=== Task requirements ===
Output the data below exactly, without images.
[Given information — start]
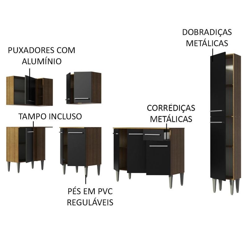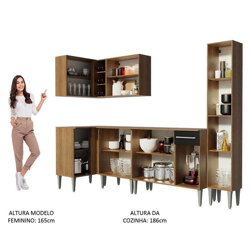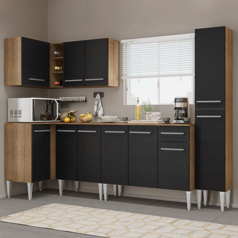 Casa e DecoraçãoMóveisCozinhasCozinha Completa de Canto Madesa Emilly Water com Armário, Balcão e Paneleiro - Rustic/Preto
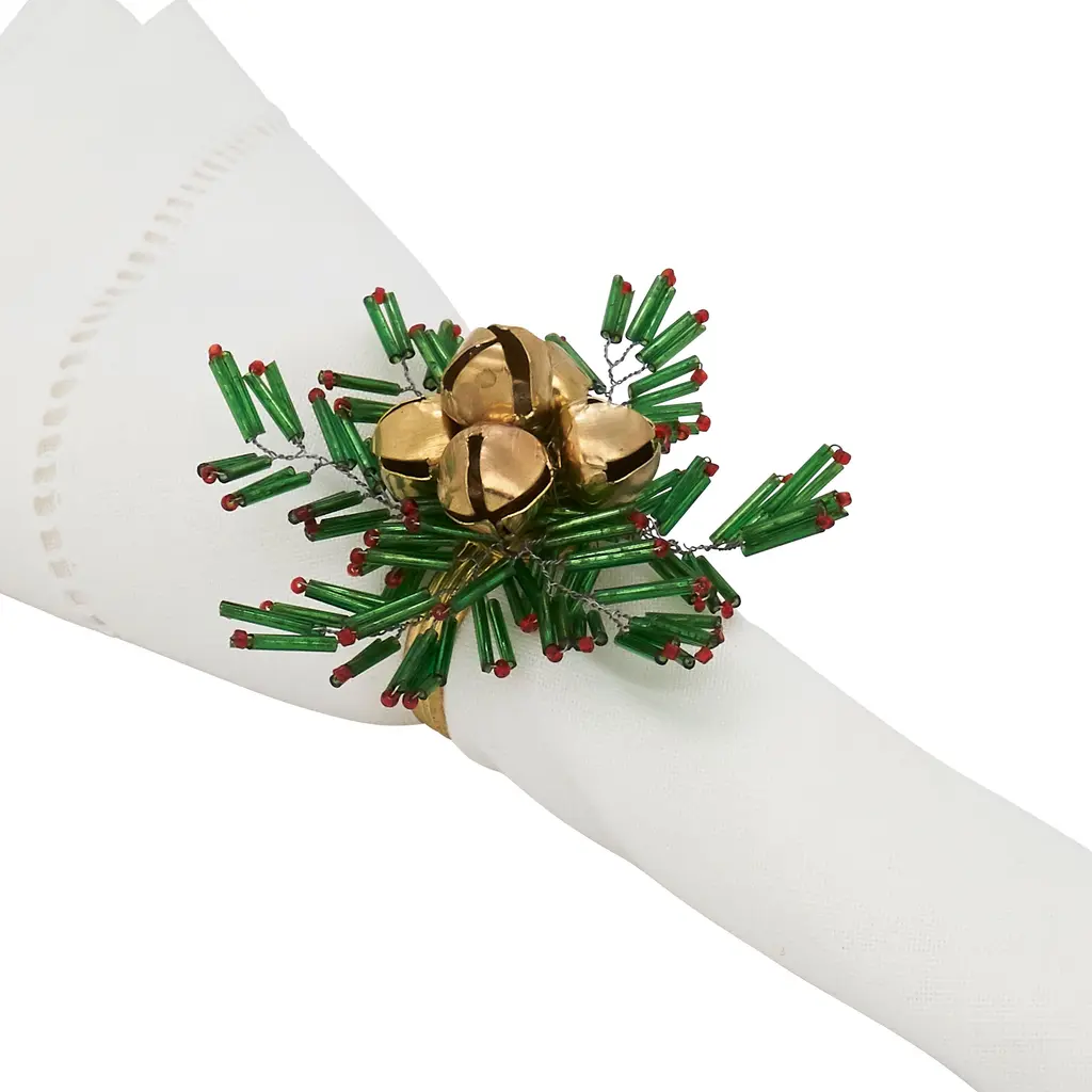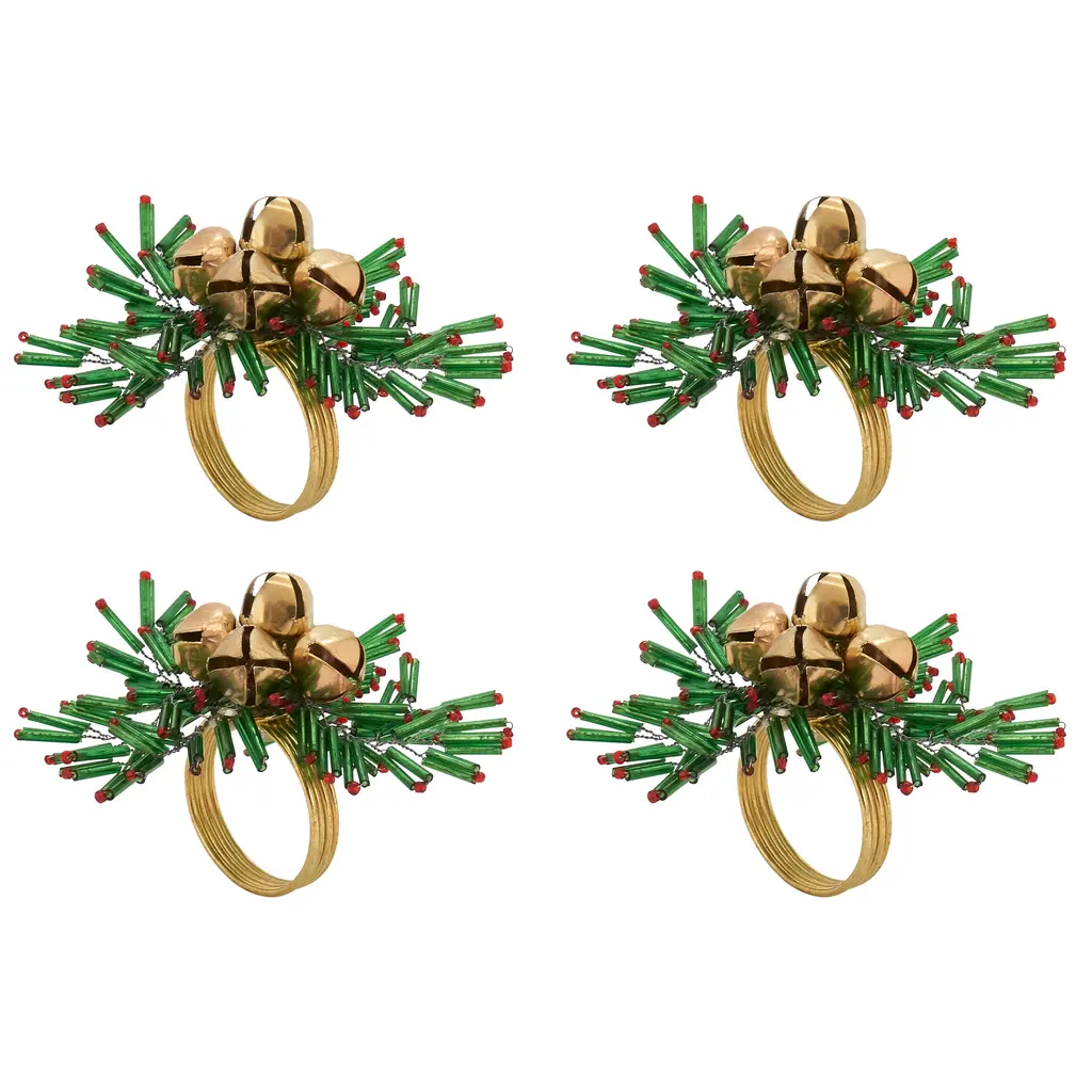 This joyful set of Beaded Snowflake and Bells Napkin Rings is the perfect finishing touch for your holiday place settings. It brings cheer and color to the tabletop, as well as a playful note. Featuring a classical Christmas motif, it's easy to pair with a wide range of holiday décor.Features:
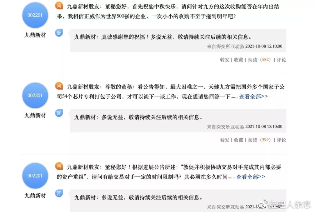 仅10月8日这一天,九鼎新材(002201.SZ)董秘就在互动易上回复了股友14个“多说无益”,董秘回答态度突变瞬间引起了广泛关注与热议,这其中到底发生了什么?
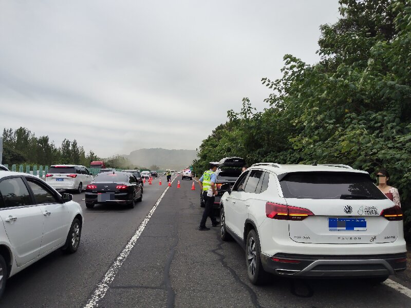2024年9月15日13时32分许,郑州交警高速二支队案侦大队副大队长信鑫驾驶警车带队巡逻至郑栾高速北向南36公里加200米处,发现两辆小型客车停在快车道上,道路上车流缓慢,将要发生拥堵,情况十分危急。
[Given information — finish]
=== Response ===
 Casa e DecoraçãoMóveisCozinhasCozinha Completa de Canto Madesa Emilly Water com Armário, Balcão e Paneleiro - Rustic/Preto
 This joyful set of Beaded Snowflake and Bells Napkin Rings is the perfect finishing touch for your holiday place settings. It brings cheer and color to the tabletop, as well as a playful note. Featuring a classical Christmas motif, it's easy to pair with a wide range of holiday décor.Features:
 仅10月8日这一天,九鼎新材(002201.SZ)董秘就在互动易上回复了股友14个“多说无益”,董秘回答态度突变瞬间引起了广泛关注与热议,这其中到底发生了什么?
2024年9月15日13时32分许,郑州交警高速二支队案侦大队副大队长信鑫驾驶警车带队巡逻至郑栾高速北向南36公里加200米处,发现两辆小型客车停在快车道上,道路上车流缓慢,将要发生拥堵,情况十分危急。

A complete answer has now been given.